Task:
The reply should hold only the lines from the one with "Scegli di devolvere" to the one with "Chanel Camelia Heel", both ends kept, exactly as they appear below, without any pictures.

Records provided:
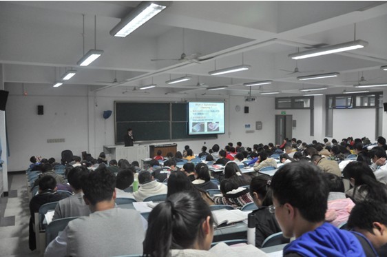 首先,袁立华教授简单的介绍自己在学术方面的经历,并且鼓励同学们有机会多出去学习,增长见识。随后,袁立华教授介绍了自己课题组目前的研究方向,从有机合成到高分子的合成再到放射化学,并展示了一些研究成果。接下来,以“壁虎为什么能飞檐走壁,倒挂悬梁?”这一问题引出本次讲座的主题——“超分子化学—解释自然界弱作用奥秘的钥匙”。解释到这与超分子化学有关,是壁虎脚掌上的细小刚毛与接触物分子的弱作用产生的效果。然后,袁立华教授简单介绍了超分子化学和分子化学概念下力的分类,并且略带哲学意味的讲到这些分类是带有人为性的定义,提醒同学们思维不要被这些概念所局限,思维要广泛。紧接着,袁立华教授就超分子化学的应用方面做了一些简单的介绍。最后是提问环节,同学们踊跃的提问,袁立华教授为同学们耐心细致的讲解。本次讲座在一片热烈的掌声中结束。
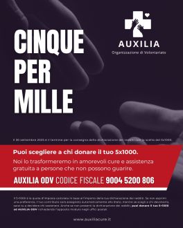 Scegli di devolvere ad AUXILIA ODV il tuo 5×1000. Lo trasformeremo in amorevoli cure a persone affette da malattie inguaribili e assistenza gratuita alle loro famiglie.
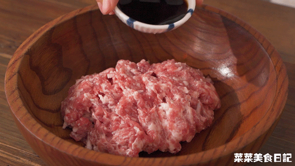继续加入2大勺生抽、1/2小勺糖、1小勺白胡椒粉、2大勺虾皮、浸泡的紫菜拌匀,最后加入1大勺麻油封住调料
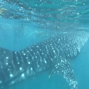 ボートが到着してから、ジンベイのポイントまで50m程、泳がなくてはなりません。深い海ですが、ガイドさんのフロートに掴まっていれば、安心です。「もう来ましたよ、見えていますよ!」ガイドさんの声で水の中を見回すと、遠ざかる尻尾が!テンション↑。少しすると、また「来ましたよ!」今度はバッチリ見ました。「ジンベイザメと一緒に泳ぐツアー」の看板に嘘偽りなしです。次々と、ジンベイザメが現れ(特に最後に来たのはデカかった!)本当にすぐ近くで見られる、夢のような時間でした。
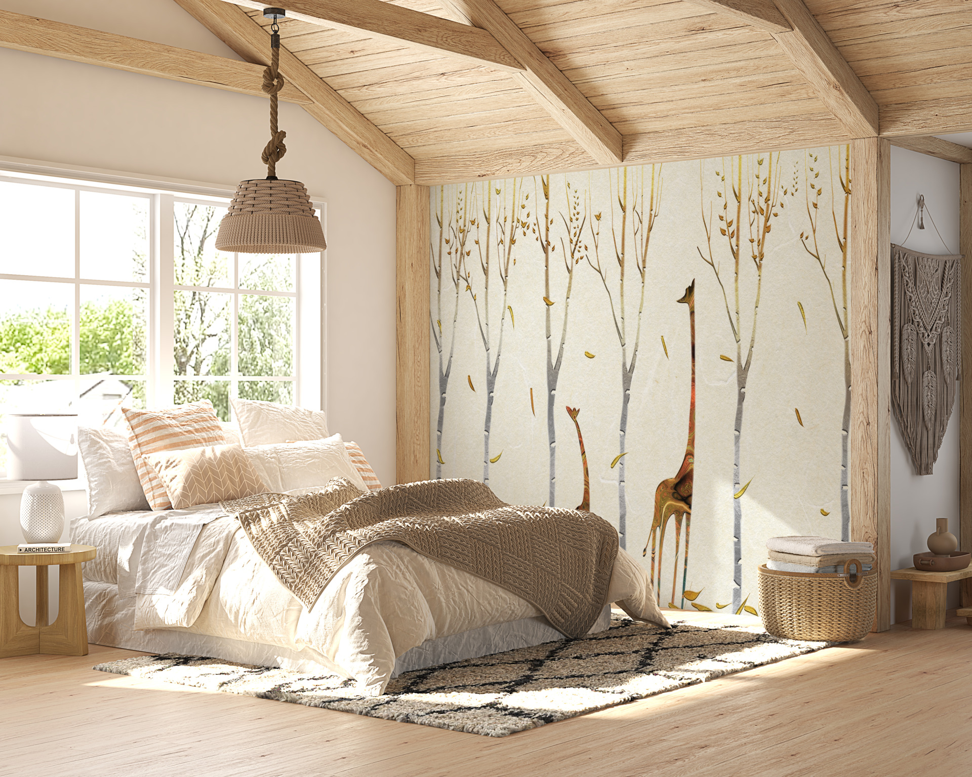 Girafele sunt un simbol al eleganței și delicateței, așa că această pictură murală de perete este perfectă ca decor în dormitor, în camera copiilor sau chiar în birou. Culorile sale discrete se potrivesc multor modele de interior, adăugând o notă subtilă de natură.
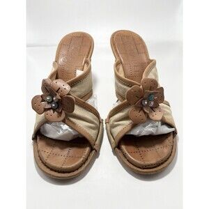 Chanel Camelia Heel Sandals Tan Fabric Leather w/ Blue Bead Accents Y2K Sz 37 7
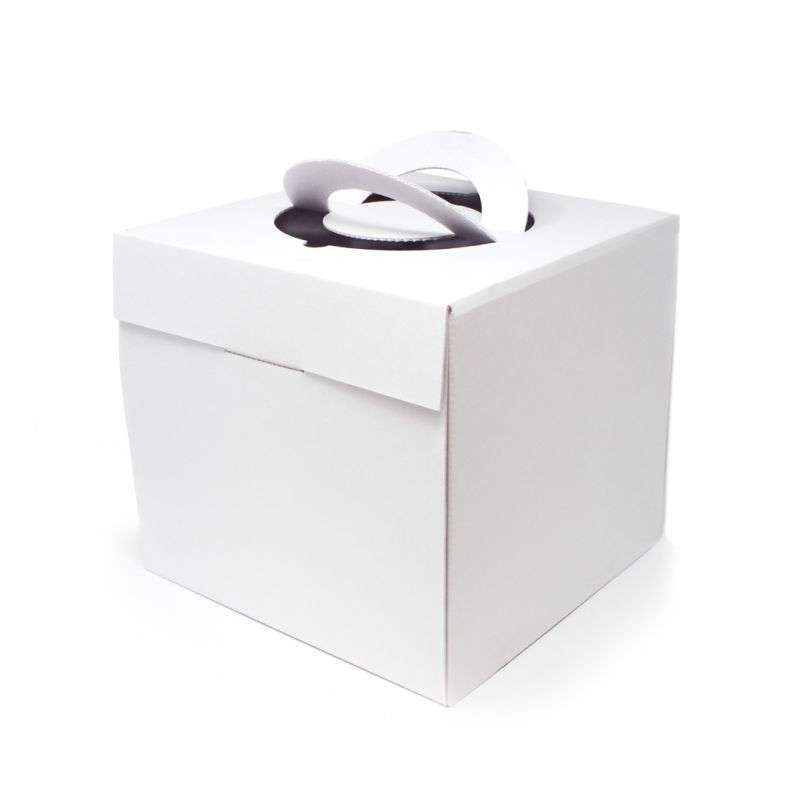 The cake box mod. SMILE 23x23x21 cm is the perfect solution to present and transport cakes and sweets. Equipped with lifting handles and plasticized window, it allows you to show the product inside the box. The product is printless.
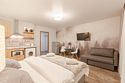 Номер вмещает до четырёх гостей, оборудован двуспальной кроватью и двухместным диваном, телевизором с ТВ-приставкой, кондиционером, набором постельного белья, а также стиральной машиной и гладильными принадлежностями. В ванной комнате имеются средства личной гигиены, ванна или душевая кабина, туалет, фен и полотенца, а также бойлер для нагрева воды в период отсутствия горячей воды. Для самостоятельного приготовления еды и напитков предусмотрена собственная кухня, где установлены электрический чайник и микроволновая печь, плита и холодильник, обеденный стол со стульями и кухонными приборами.Услуги и удобства
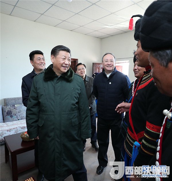 這是習近平在涼山彝族自治州昭覺縣解放鄉(xiāng)火普村貧困戶吉地爾子家的新居了解生產(chǎn)生活情況。記者 鞠鵬 攝
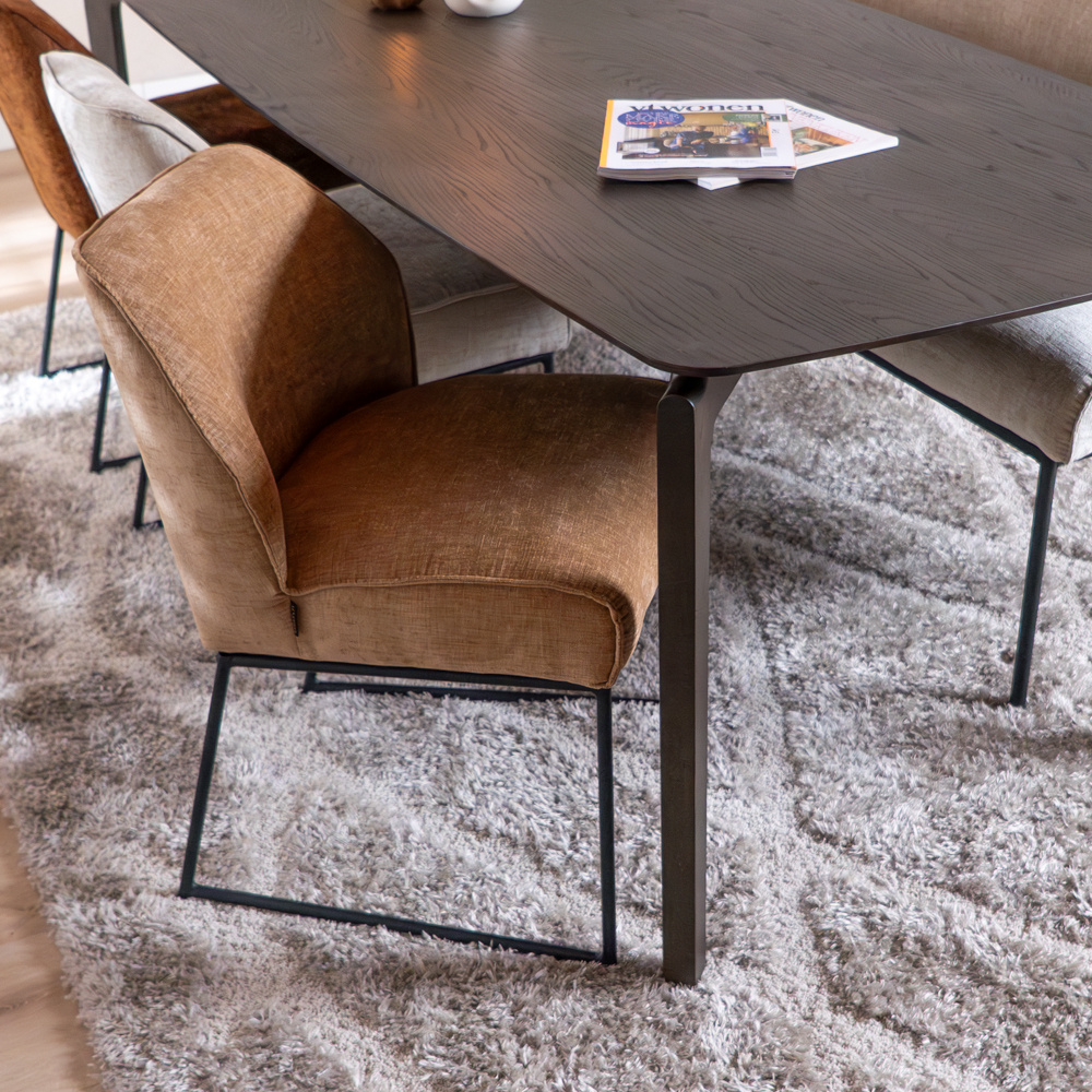 Der Stuhl Momo ist der ideale Stuhl, der nicht nur optisch überzeugt, sondern auch praktisch und komfortabel ist. Der Stuhl Momo aus Chenille in Peach eignet sich perfekt für Räume, in denen Ausstrahlung und Benutzerfreundlichkeit eine wichtige Rolle spielen. Dank seiner einladenden Form und der komfortablen Sitzfläche bietet er ein angenehmes Sitzerlebnis. Das minimalistische Untergestell bringt die luxuriöse Optik des Stuhls in Balance und fügt sich nahtlos in eine moderne Einrichtung ein.

Answer section:
 Scegli di devolvere ad AUXILIA ODV il tuo 5×1000. Lo trasformeremo in amorevoli cure a persone affette da malattie inguaribili e assistenza gratuita alle loro famiglie.
继续加入2大勺生抽、1/2小勺糖、1小勺白胡椒粉、2大勺虾皮、浸泡的紫菜拌匀,最后加入1大勺麻油封住调料
 ボートが到着してから、ジンベイのポイントまで50m程、泳がなくてはなりません。深い海ですが、ガイドさんのフロートに掴まっていれば、安心です。「もう来ましたよ、見えていますよ!」ガイドさんの声で水の中を見回すと、遠ざかる尻尾が!テンション↑。少しすると、また「来ましたよ!」今度はバッチリ見ました。「ジンベイザメと一緒に泳ぐツアー」の看板に嘘偽りなしです。次々と、ジンベイザメが現れ(特に最後に来たのはデカかった!)本当にすぐ近くで見られる、夢のような時間でした。
 Girafele sunt un simbol al eleganței și delicateței, așa că această pictură murală de perete este perfectă ca decor în dormitor, în camera copiilor sau chiar în birou. Culorile sale discrete se potrivesc multor modele de interior, adăugând o notă subtilă de natură.
 Chanel Camelia Heel Sandals Tan Fabric Leather w/ Blue Bead Accents Y2K Sz 37 7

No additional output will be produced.